WORK REQUIRED – Transcribe the data in full and exactly, omitting any pictures.

STORED DATA –
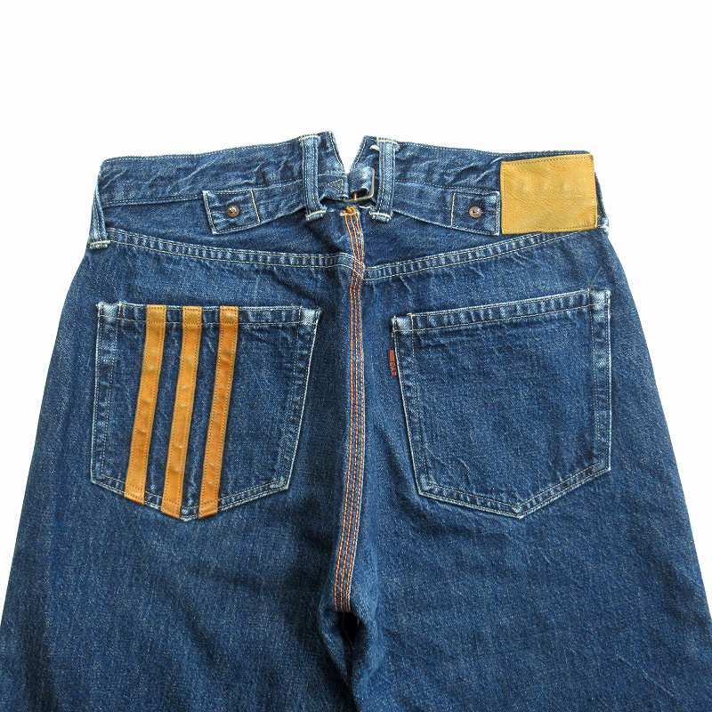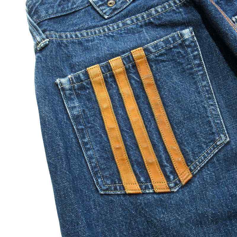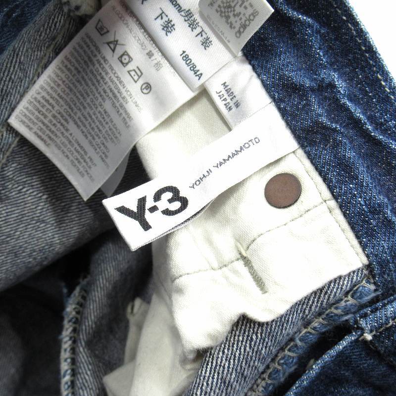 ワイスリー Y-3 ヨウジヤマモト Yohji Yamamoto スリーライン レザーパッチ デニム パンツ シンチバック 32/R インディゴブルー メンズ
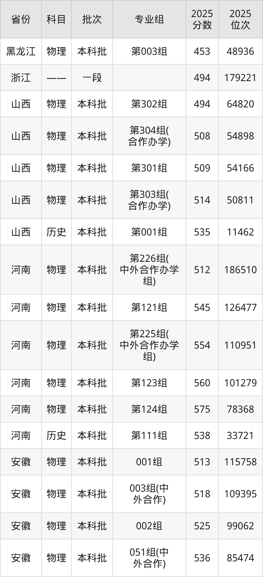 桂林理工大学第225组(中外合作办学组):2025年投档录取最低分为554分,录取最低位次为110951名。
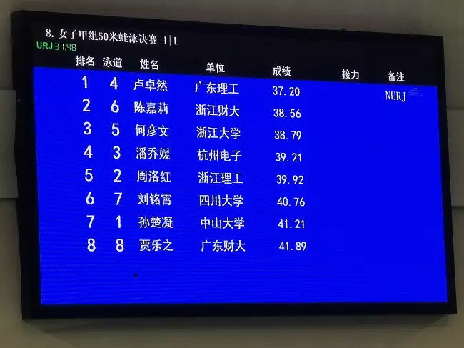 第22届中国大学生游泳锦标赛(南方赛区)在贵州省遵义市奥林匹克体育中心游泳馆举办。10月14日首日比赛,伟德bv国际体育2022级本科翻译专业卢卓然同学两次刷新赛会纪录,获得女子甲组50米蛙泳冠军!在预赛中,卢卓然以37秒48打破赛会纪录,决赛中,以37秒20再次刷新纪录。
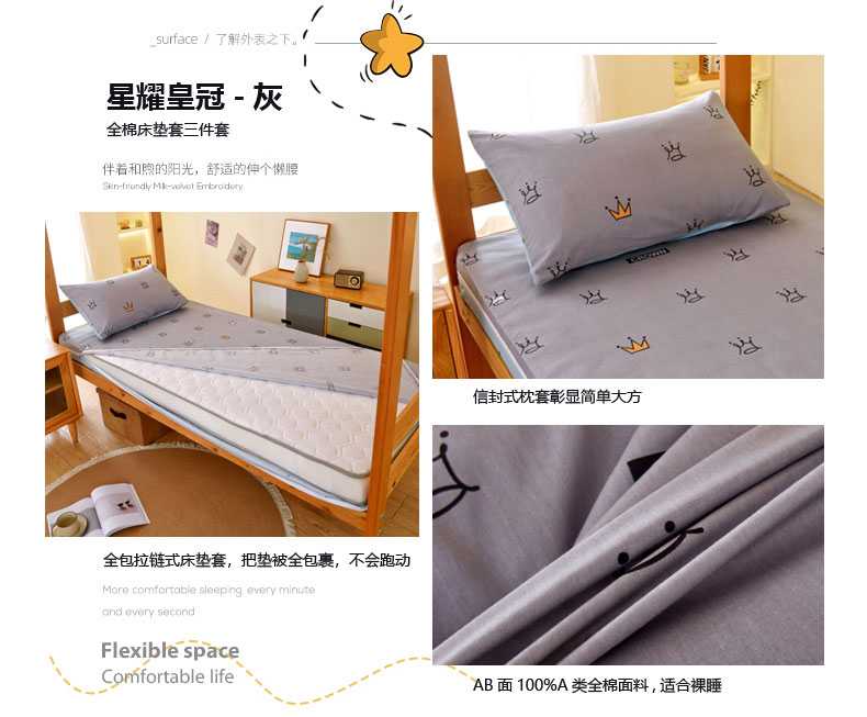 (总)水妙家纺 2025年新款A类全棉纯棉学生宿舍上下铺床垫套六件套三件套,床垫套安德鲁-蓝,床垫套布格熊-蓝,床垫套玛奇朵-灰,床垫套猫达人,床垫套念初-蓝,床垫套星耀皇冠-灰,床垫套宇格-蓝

THE ANSWER –
 ワイスリー Y-3 ヨウジヤマモト Yohji Yamamoto スリーライン レザーパッチ デニム パンツ シンチバック 32/R インディゴブルー メンズ
 桂林理工大学第225组(中外合作办学组):2025年投档录取最低分为554分,录取最低位次为110951名。
 第22届中国大学生游泳锦标赛(南方赛区)在贵州省遵义市奥林匹克体育中心游泳馆举办。10月14日首日比赛,伟德bv国际体育2022级本科翻译专业卢卓然同学两次刷新赛会纪录,获得女子甲组50米蛙泳冠军!在预赛中,卢卓然以37秒48打破赛会纪录,决赛中,以37秒20再次刷新纪录。
 (总)水妙家纺 2025年新款A类全棉纯棉学生宿舍上下铺床垫套六件套三件套,床垫套安德鲁-蓝,床垫套布格熊-蓝,床垫套玛奇朵-灰,床垫套猫达人,床垫套念初-蓝,床垫套星耀皇冠-灰,床垫套宇格-蓝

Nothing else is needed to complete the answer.